I was feeling full, pressured to complete too many tasks in too short a period of time. Never mind that I thought Vic Watson had been murdered in his bed at the Laingford Hospital and agreed with Becker that constable Morrison, distracted by the charms of Constable Marie Lefevbre, might make a botch of it. Whatever happened to the back-to-the-land puppet-maker thing I’d dedicated my life to? How did it all get so complicated?

  Fourteen

  Nothing perks up a drab wall like a picture! And you don’t have to spend a fortune. Drop in to the Kountry Pantree home decorating centre and choose one of our top quality prints in a stunning variety of designer colours! Make your home a special place at Kountry Pantree.

  —A Kountry Pantree ad in the Kuskawa Home Improvement Guide

  The Kuskawa region, several hours north of Toronto, is a rugged, exquisite landscape full of deep, cold lakes, pink granite bedrock and dense forests. It’s a tourist-magnet, a resort developer’s wet dream and a haven for artists. The creative urge seems to lurk in the soil and in the air, and the local “find-it-here” maps are dotted with galleries and art supply stores. In the autumn, the hardwood forests of Kuskawa vibrate with fluorescent oranges, yellows and reds, impossible colours, really, the kind that you have to see to believe. The trees seem to give off a light of their own.

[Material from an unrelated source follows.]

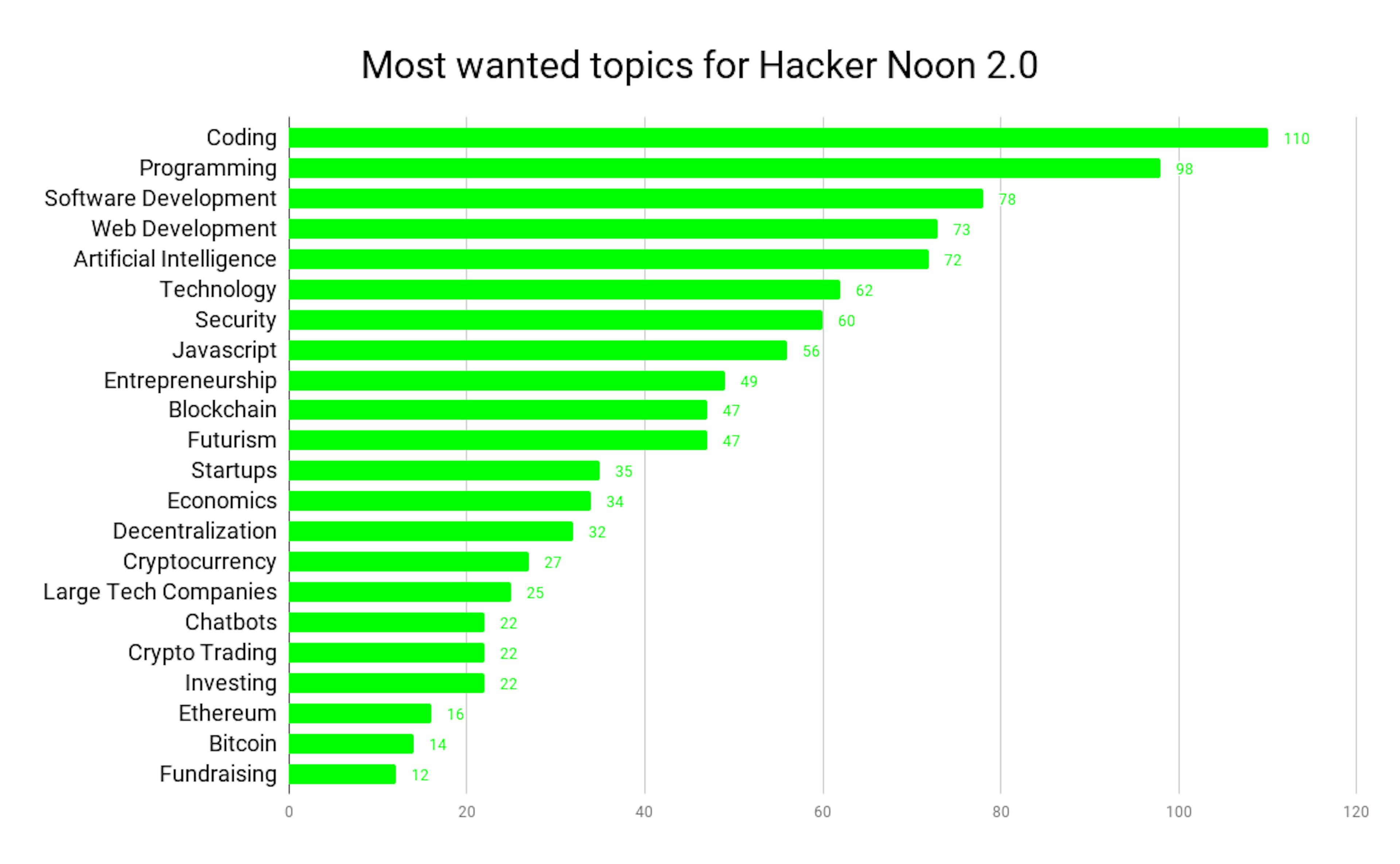 So sorry it took us this long to do it…. . We have our reasons Four months ago we started this to improve your experience reading on Hacker Noon. We have been pouring over the results, learning how we can improve our site. Hacker Noon Reader Survey It’s a long time coming, but I’m so excited to finally share the results with y’all. To find out who the winners for , an interview with our editor-in-chief , and two 0.5ETH prizes (it was a more glamorous prize when we announced the survey — oh the price of ETH) stay tuned to the end! our 3 prizes David Smooke But first, thank you to our who took time out of your day to answer the survey. Thanks to you, we are much better equipped to design Hacker Noon 2.0. If you’ve read recently, you know that Hacker Noon is planning to build our own Content Management System. We will around our publishing workflow and of course, around what YOU, the Hacker Noon readers, want. 412 respondents the story we share on our crowdfunding page build Hacker Noon 2.0 : how hackers make the most out of their mother-f***ing afternoon!!! Hacker Noon 2.0 1. What topic(s) are you currently reading on Hacker Noon? A lot of you read multiple topics on Hacker Noon. It’s interesting to me that the most true-and-trial stories on Hacker Noon are the long-form analyses of technical challenges. A lot of you mention reading Hacker Noon to “learn how to code”,“because I care about programming”, or, my favorite “to read any topic that can make me think big”. A majority of the articles featured on HN are interesting, and the lack of a “members only” paywall makes HN a daily stop. — says reader from Seattle, WA. 2. What topic(s) do you want more of? Aside from the expected topics that y’all already like to read in Hacker Noon 1.0, 4 topics stand out to me as deserving more attention in Hacker Noon 2.0: , , & . If you’d like to publish a story about these topics, . Security Futurism Decentralization Large Tech Companies please email Stories@HackerNoon.com We will definitely take these learnings and apply them to . One feature that I’m particularly pumped about is : people who demonstrate themselves to be experts by topic will have the power to curate pages, increase distribution and publish other writers. the design of Hacker Noon 2.0 the community editors Organize content by user selection! — say reader from NC, USA. 3. On a scale of zero to ten how likely are you to recommend Hacker Noon to a friend or colleague? This question essentially is for us to measure Hacker Noon’s NPS (Net Promoter Score). You calculate the score by subtracting the number of detractors (0–6) from the number of promoters (9–10) and divided by the number of total respondents. A NPS can have a value from -100 to +100. If your NPS is a positive number, it’s considered good. A score above 50 is considered excellent. Hacker Noon’s NPS is . 51.13 This means a lot to us. An NPS of 51.13 essentially means you trust us as a resource for your tech read, and we do not take that for granted. . Hacker Noon 2.0 will strive to be the best place for tech professionals to read & publish Some of my friends aren’t coders, but for tech oriented people then absolutely (I would recommend)— says a reader from the US. 4. Would you be interested in a standalone Hacker Noon app? This information helps inform us that a mobile app, though potentially useful, is not what most of Hacker Noon readers want at the moment. Today, the vast majority of readers read us on desktop. In Hacker Noon 2.0, we will optimize reading for both desktop & mobile users. And even though 47% is less than half, we have 200k+ daily readers, so if 47% used a standalone mobile app, there would still be a lot of readers more satisfied than they are today. An app would be nuts! Great articles. — says reader from Bavaria, Denmark. 4. Would you be interested in a Hacker Noon podcast? The responses to this question make me so happy! 71% of you say you want (and maybe need? :P) a podcast. ! We by , a long time Hacker Noon contributor who’s now the host of the . Check out the on Trent’s profile. And guess what? W e do have a podcast now acquired Crypto Disrupted Trent Lapinski Hacker Noon podcast transcripts to all the most recent episodes A podcast will be a great idea. — says reader from San Paolo, Brazil. 5. Would you be interested in attending in-person Hacker Noon events? To read an article on a site, and then want to go to an event by that site, is quite a leap. We think 57% of readers wanting to take that leap is significant and worth considering throwing Hacker Noon events in 2019. But where? Below are the list of 8 locations we might organize a Hacker Noon event next, based on how popular they are among your responses. San Francisco, CA, USA New York City, NY, USA India London, UK Germany Canada Italy Australia Yay, international! If you want an event in your city, let us know by commenting on this post. 6. Have you invested in one or more startup? Startup investing is typically an activity for the wealthy, so 29% isn’t a super low number for this question but we certainly wish it were higher. I believe by the time is over, this chart could change. Today marks the 7th day since we launched the campaign and so far, in Hacker Noon, of whom are ! Equity crowdfunding is a great equalizer since the Jobs Act of 2015, allowing anyone, including non-accredited investors, to buy shares in a private company for as little as $100. our equity crowdfunding 365 investors have invested a total of $441k many first-time investors thank YOU !!! Andrey Sergeenkov . Become a first-time investor by investing in Hacker Noon today 7. Have you ever made a cryptocurrency investment? Considering our demographic, this is not surprising to me. A lot of our readers are early crypto-adopters. We publish a lot about , and more . bitcoin blockchain crypto stories Good news — with , you can invest in many forms, including Bitcoin

  For a few weeks every September, Laingford hosts thousands of Japanese and German tourists who wander blissfully through the streets, expensive cameras festooned around their necks like garlands. Vistas and lookouts become crowded with portable easels, the painters jostling for position and eyeing each other’s work with varying degrees of admiration or contempt.

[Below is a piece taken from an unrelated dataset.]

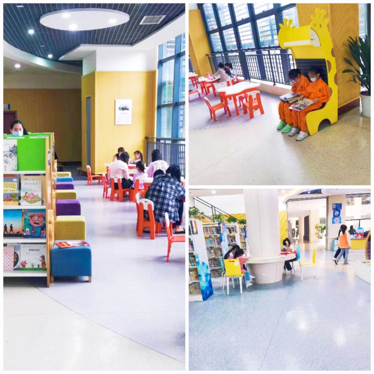 下午2点,三位老师及志愿者们准时在学校大门口集合前往合川区图书馆。许多小朋友在家长的陪同下认真地看书、学习。活动开始之前,志愿者们在老师和图书馆负责人的指导下进行调试设备等准备工作。下午3点,在志愿者的指引下,小朋友们陆续入座,活动正式开始。

  It’s not only the fall colour that inspires art here. The winters are magical; thick snow blankets everything and glitters in the cold sun, softening the sharp outlines of tree and cliff. Icy mists lift from the rivers and lakes, clothing the naked shoreline with silver. In spring, there are always a few days of tender beauty, when leaf-buds hover like smoke in the tops of the birch trees. The melting snow finds its way down to the lakes, forming merry brooks and rills that meander their way through the forest, catching the light in unexpected places. When summer hits, as it always does with a quick backhand we never expect, the forest floor bursts into a carpet of trilliums, red and white, and the ferns grow so fast you can almost hear them.